2. The contrast agent comprising a plurality of metal nanoparticles according to claim 1, wherein said matrix is the shell of a vesicle.

3. The contrast agent according to claim 1, wherein said metal nanoparticles have an acoustic impedance of at least 35.10⁵g/cm²s.

4. The contrast agent according to claim 1, wherein said metal nanoparticles have an acoustic impedance of above 50.10⁵g/cm²s.

5. The contrast agent according to claim 1, wherein said metal nanoparticles have a diameter between 1 and 100 nm.

6. The contrast agent according to claim 1, wherein said metal nanoparticles have a diameter between 1 and 50 nm.

7. The contrast agent according to claim 1 wherein said metal is non-magnetic.

8. The contrast agent according to claim 6 wherein said non-magnetic metal is selected from the group consisting of gold, silver, platinum, palladium, tungsten or tantalum, rhenium, or a mixture thereof.

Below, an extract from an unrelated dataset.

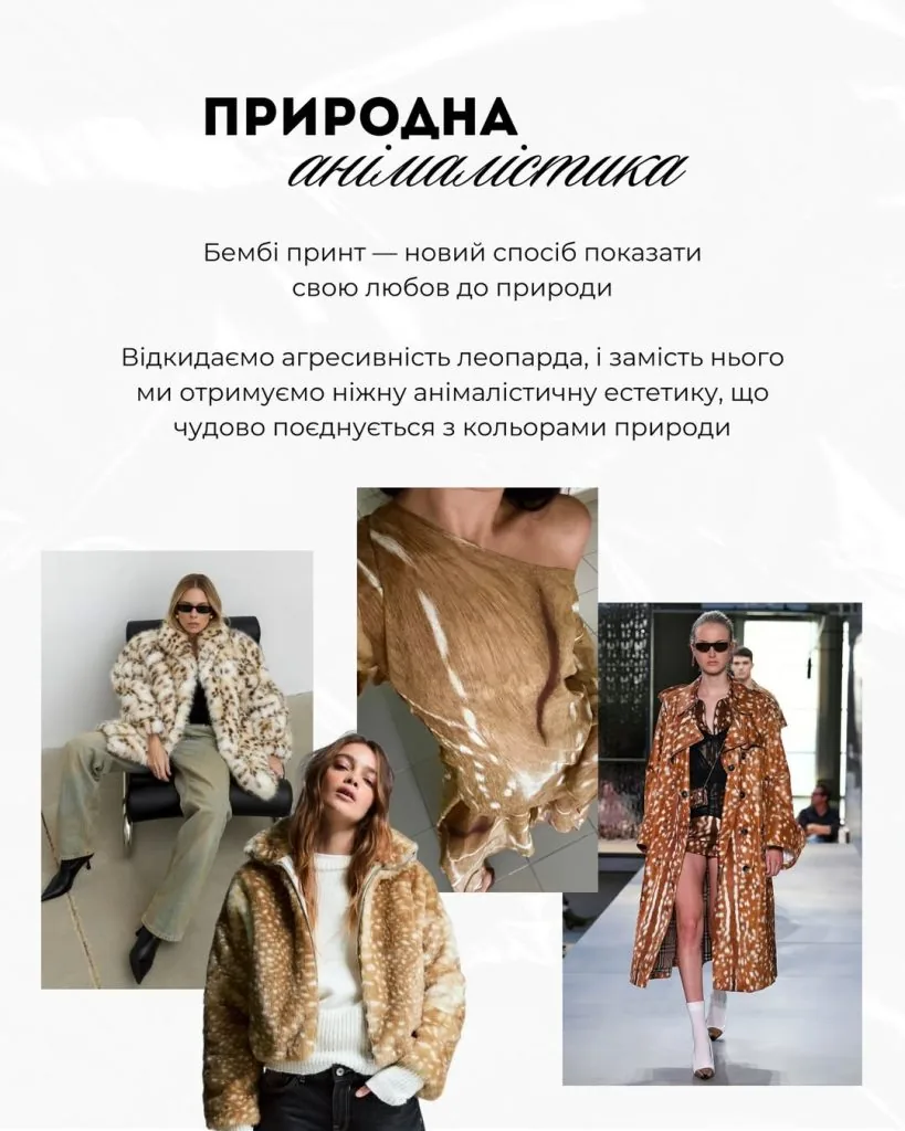 Так званий “бембі-принт” стає новим способом показати любов до природи, гармонійно поєднуючись із природними відтінками та спокійними текстурами.

9. The contrast agent according to claim 1 wherein said metal is a noble metal.

10. The contrast agent according to claim 1 wherein said matrix particles have a diameter between 1 and 8 micrometer.

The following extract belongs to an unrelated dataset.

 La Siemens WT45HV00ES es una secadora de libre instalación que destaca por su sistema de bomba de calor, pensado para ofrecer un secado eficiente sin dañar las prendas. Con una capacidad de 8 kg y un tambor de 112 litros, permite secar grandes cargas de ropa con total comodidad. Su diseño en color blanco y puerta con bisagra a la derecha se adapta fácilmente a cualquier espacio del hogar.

11. The contrast agent according to claim 1 wherein said matrix particles have a diameter between 25 and 250 nanometer.

12. The contrast agent according to claim 1 wherein said metal nanoparticles are present in a concentration of at least 2% volume/volume in said matrix.

13. The contrast agent according to claim 1, wherein one or more targeting molecules are attached to said matrix particle.

14. The contrast agent according to claim 1, wherein one or more targeting molecules are attached to the surface of the metal nanoparticles.

15. The use of a non-proteinaceous matrix particles comprising a plurality of metal nanoparticles for the manufacture of an ultrasound contrast agent, wherein said matrix is being selected from the group consisting of a carbohydrate, a lipid, a synthetic polymer, an aqueous liquid and an organic liquid, or a mixture thereof.

16. A method of gaining information about an animal or human patient or of diagnosis, the animal or human patient having been administered a contrast agent according to claim 1, the method comprising: performing an ultrasound imaging examination of the animal or human.

17. A method of imaging an isolated tissue sample of organ, which method comprises administrating the contrast agent according to claim 1 to said tissue sample or organ and performing an ultrasound imaging examination thereof.